In March, a several hundred tonne tower will bid farewell to the surface of our planet to kiss the darkness of space itself. In its journey, it will reach a peak velocity of 8 kilometers per second. From there a tiny craft no bigger than a small car, detaches itself and, as the speed demon that it is, fires its rockets to escape velocity—11 kms per second. Next stop, Moon. In the meantime, seven giant antennae across Earth collect radio signals from this tiny determined speck in an ocean of black.
Several million things need to go right for the story to get this far, and this is only half the story. The spacecraft needs to land on the Moon, release a rover. The rover then hikes across the surface, transmitting data all along. How will more than a dozen scientists keep track of the happenings 384,400 kms away?
This was the unique problem-solving opportunity with which Team Indus came to Parallel Labs.
In this story that is told through technology, the mission control screens are the lens through which everything—the launch, the transit, the touchdown—will be seen.

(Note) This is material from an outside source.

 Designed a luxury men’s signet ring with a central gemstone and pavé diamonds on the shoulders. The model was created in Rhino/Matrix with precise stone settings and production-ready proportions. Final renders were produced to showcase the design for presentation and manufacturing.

Before figurative pencil could be put to figurative paper, we had to know the ins and outs of the mission. After all, this was not a fictitious setup. This meant understanding their different subsystems, and tailing scientists across the different departments to make sure we could attain the degree of accuracy that any space mission demands.
Readability and typography were designed with two scenarios in mind.
This meant the visual hierarchy would be two-fold, one suited for each of the above scenarios.
Working primarily on a dark background, we chose a complementary colour scheme, involving the brand’s blue colour. With this we were able to draw contrast between the different parts of the interface.
While it was crucial for the scientist to monitor the parameters and their values, the audience themselves would not concern themselves with that. Instead, the audience’s attention would be guided to the bigger picture.
Visual language and typography were tested with three different subsystems before they were adapted to the rest. One problem that presented itself to us was the acquisition of assets. The assets provided by the team of scientists would not be amenable to a design format. What’s more, clarity in communication demanded that the to-scale 3d models of the spacecraft had to be abstracted into a simpler form to give emphasis where desired.
The information that is communicated through these screens demanded precision. This was not only to track changes but to respond to active crises. This, in a scenario where there needed to be accommodations for data transfer rates and even in cases where light speed wouldn’t be quick enough across these great distances.